* Work item *
Would you print exactly the lines that begin the listing and continue through the line holding "選べるラインナップ→P4円280台・1円120台・S20円194台・5円36台"? No pictures, please.

* Source data *
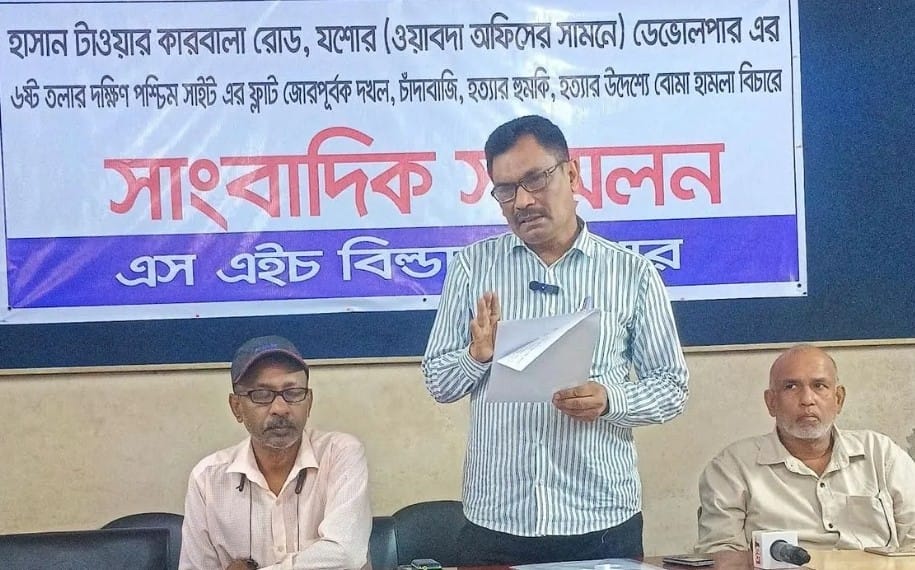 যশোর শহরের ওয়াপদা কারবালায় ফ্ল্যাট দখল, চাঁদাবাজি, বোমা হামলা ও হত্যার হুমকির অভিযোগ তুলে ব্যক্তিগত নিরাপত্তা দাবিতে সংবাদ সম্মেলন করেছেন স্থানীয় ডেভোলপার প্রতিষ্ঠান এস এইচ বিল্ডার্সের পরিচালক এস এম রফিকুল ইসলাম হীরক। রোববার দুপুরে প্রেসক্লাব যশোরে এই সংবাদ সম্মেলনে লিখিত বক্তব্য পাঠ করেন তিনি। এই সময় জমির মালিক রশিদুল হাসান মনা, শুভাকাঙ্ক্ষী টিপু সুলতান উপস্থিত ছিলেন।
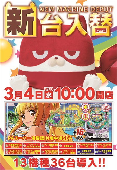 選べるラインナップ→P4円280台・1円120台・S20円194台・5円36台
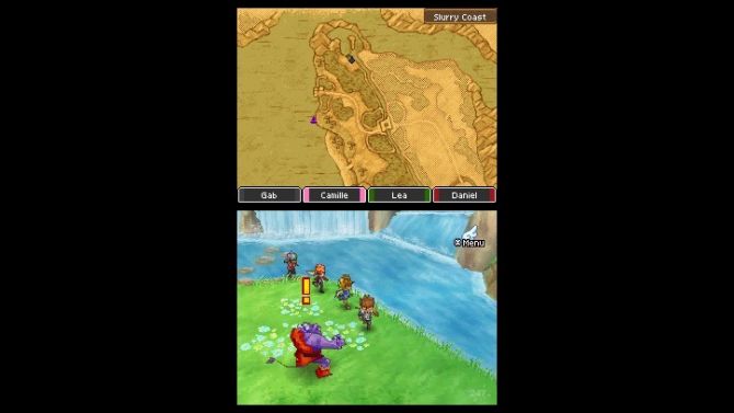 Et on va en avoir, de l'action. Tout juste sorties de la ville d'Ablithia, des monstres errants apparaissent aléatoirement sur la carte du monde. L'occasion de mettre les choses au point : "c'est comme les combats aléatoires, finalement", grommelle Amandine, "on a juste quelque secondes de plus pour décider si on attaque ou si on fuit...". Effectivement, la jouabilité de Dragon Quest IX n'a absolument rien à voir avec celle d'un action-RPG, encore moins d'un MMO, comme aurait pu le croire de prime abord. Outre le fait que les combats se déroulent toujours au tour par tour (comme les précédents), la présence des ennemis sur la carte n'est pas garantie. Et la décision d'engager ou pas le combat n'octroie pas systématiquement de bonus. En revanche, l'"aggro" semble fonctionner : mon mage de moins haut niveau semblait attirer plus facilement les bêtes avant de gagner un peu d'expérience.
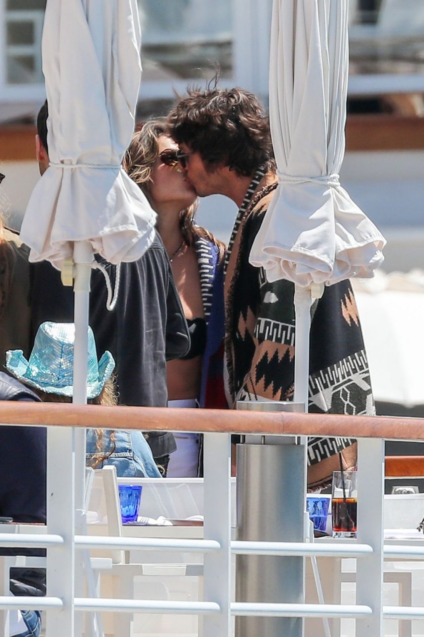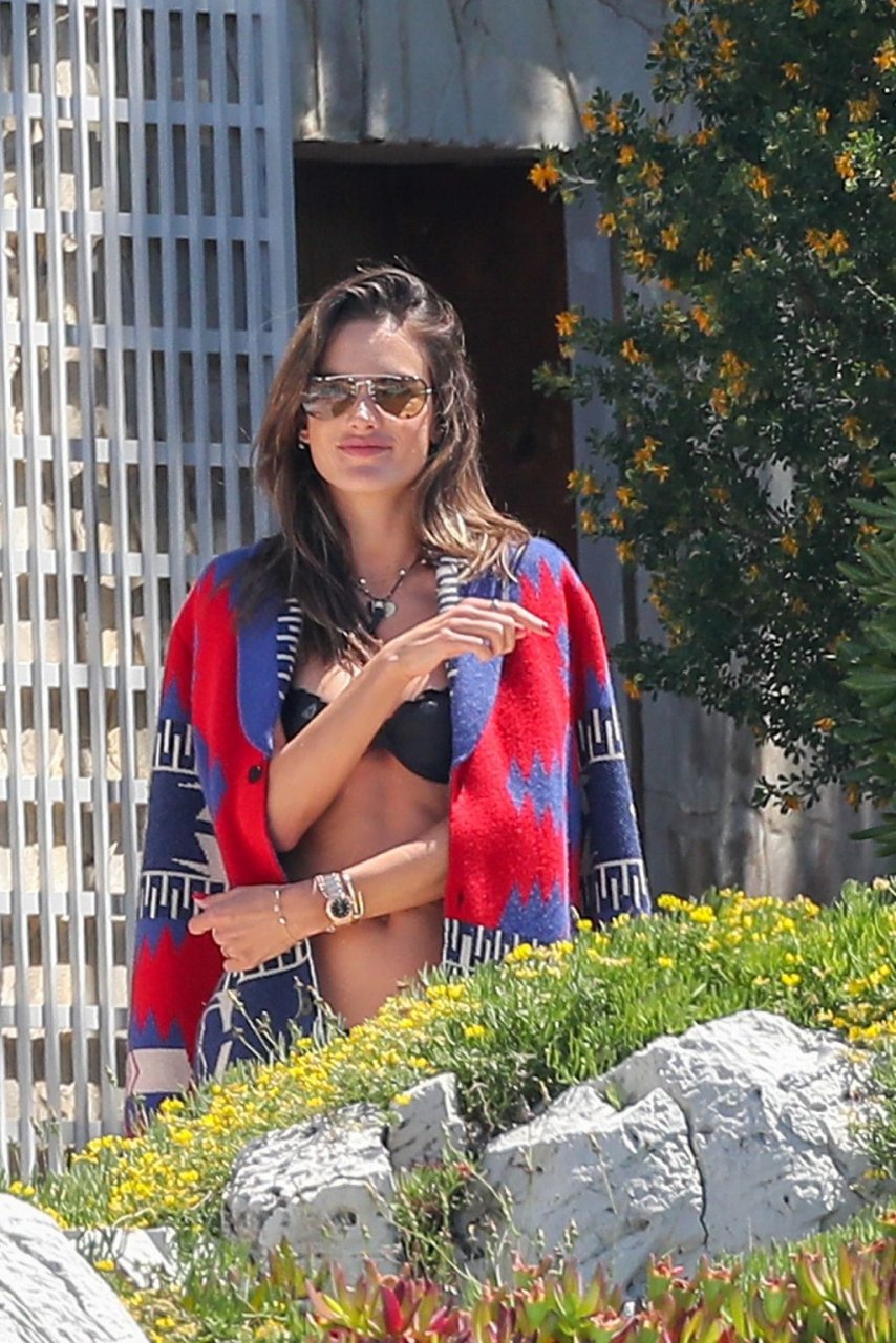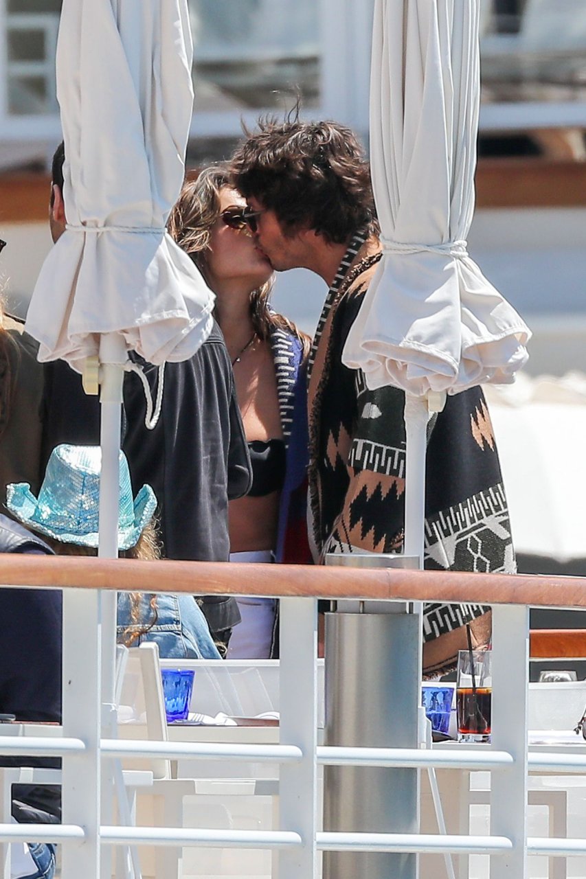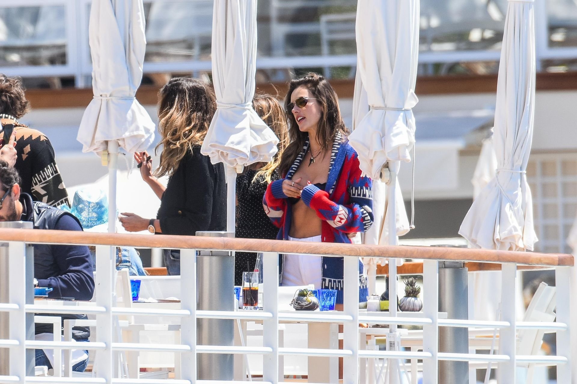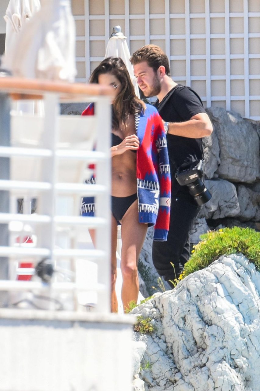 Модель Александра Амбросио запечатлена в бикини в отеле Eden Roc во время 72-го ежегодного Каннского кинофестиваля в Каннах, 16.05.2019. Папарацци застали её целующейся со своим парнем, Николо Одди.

* Answer to the exercise *
 যশোর শহরের ওয়াপদা কারবালায় ফ্ল্যাট দখল, চাঁদাবাজি, বোমা হামলা ও হত্যার হুমকির অভিযোগ তুলে ব্যক্তিগত নিরাপত্তা দাবিতে সংবাদ সম্মেলন করেছেন স্থানীয় ডেভোলপার প্রতিষ্ঠান এস এইচ বিল্ডার্সের পরিচালক এস এম রফিকুল ইসলাম হীরক। রোববার দুপুরে প্রেসক্লাব যশোরে এই সংবাদ সম্মেলনে লিখিত বক্তব্য পাঠ করেন তিনি। এই সময় জমির মালিক রশিদুল হাসান মনা, শুভাকাঙ্ক্ষী টিপু সুলতান উপস্থিত ছিলেন।
 選べるラインナップ→P4円280台・1円120台・S20円194台・5円36台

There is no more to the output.